For the third time in 20 years, a comprehensive assessment of the sustainable timber harvest levels on state-administered lands has been completed. The latest study mirrors those of previous decades.
The results, however, have been greeted with great disappointment by Minnesota's forest industries, which had convinced Gov. Mark Dayton that the state could offer for sale at least 100,000 more cords of wood per year than current levels.
The motivation for the industry is simple and understandable. Directing the Department of Natural Resources to put more wood on the market — more wood than the market currently needs — will, based on simple supply and demand theory, keep stumpage prices (the value of standing trees) lower.
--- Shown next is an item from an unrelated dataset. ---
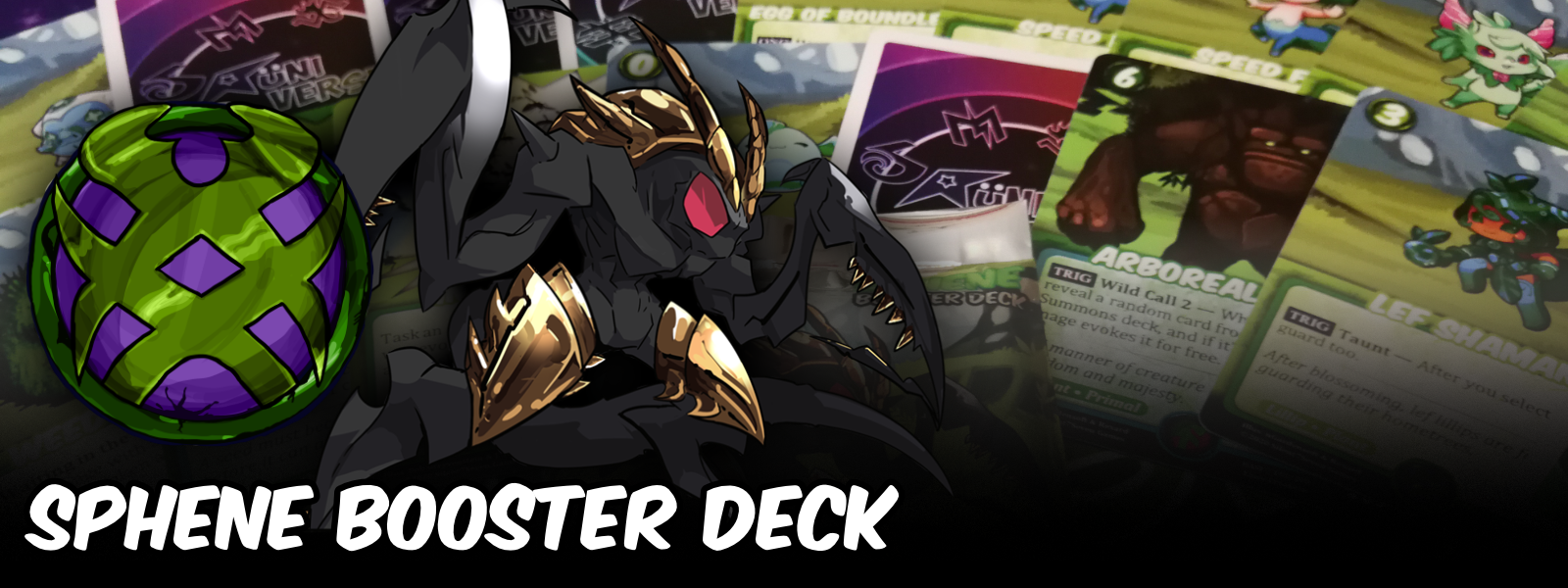 The Rüniverse: Sphene Booster Deck includes 18 randomized cards in a mix of the Sphene (yellow-green), Emry (green), and Orth (yellow) facets. There are 9 commons, 6 uncommons, and 3 rares, with a chance for Star Variant versions of cards. Shuffle the contents of this Booster Deck with the 12 Sphene mages in the Sphene vs. Saff 2-Player Starter Set to form a starter deck. Sphene is the yellow-green facet, the faction of small creatures, wetland terrain, and working in unison. Sphene’s featured traits in the Base set are Bug, Unity, and Slime.

Some background. Since 2007, the demand for standing timber in Minnesota has declined by over 1 million cords per year (imagine a pile of wood 8 feet high and 8 feet wide that stretches from International Falls to Rochester). This decline was brought on primarily by mill closings in Sartell, Brainerd, Bemidji, Grand Rapids and Cook.
A well-timed, well-designed timber harvest is the most cost-effective management tool available to forest managers. Such harvests rejuvenate declining forests, capitalize mortality, and address insect and disease problems before they become endemic, while providing a product that supports jobs and industry.
However, lost in the current debate is the negative impact that saturating the market with state wood will continue to have on the health of state forests, and on the opportunity of private forest landowners to manage their lands.
Putting up for sale more state wood than is needed provides loggers the opportunity to "cherry pick" the sales. Again their motivation is simple and understandable. Loggers seek out stands of timber with higher density (20-plus cords per acre) and high quality that are close to all-season roads and as close to the mill as possible.
However, many of the stands most in need of immediate treatment rank lower in these attributes and now go unsold. In 2017, of the approximately 900,000 cords that the DNR offered for sale, nearly 110,000 cords went unsold for even the minimum price, a trend that has been increasing for the last few years. The end result: no sale, no treatment.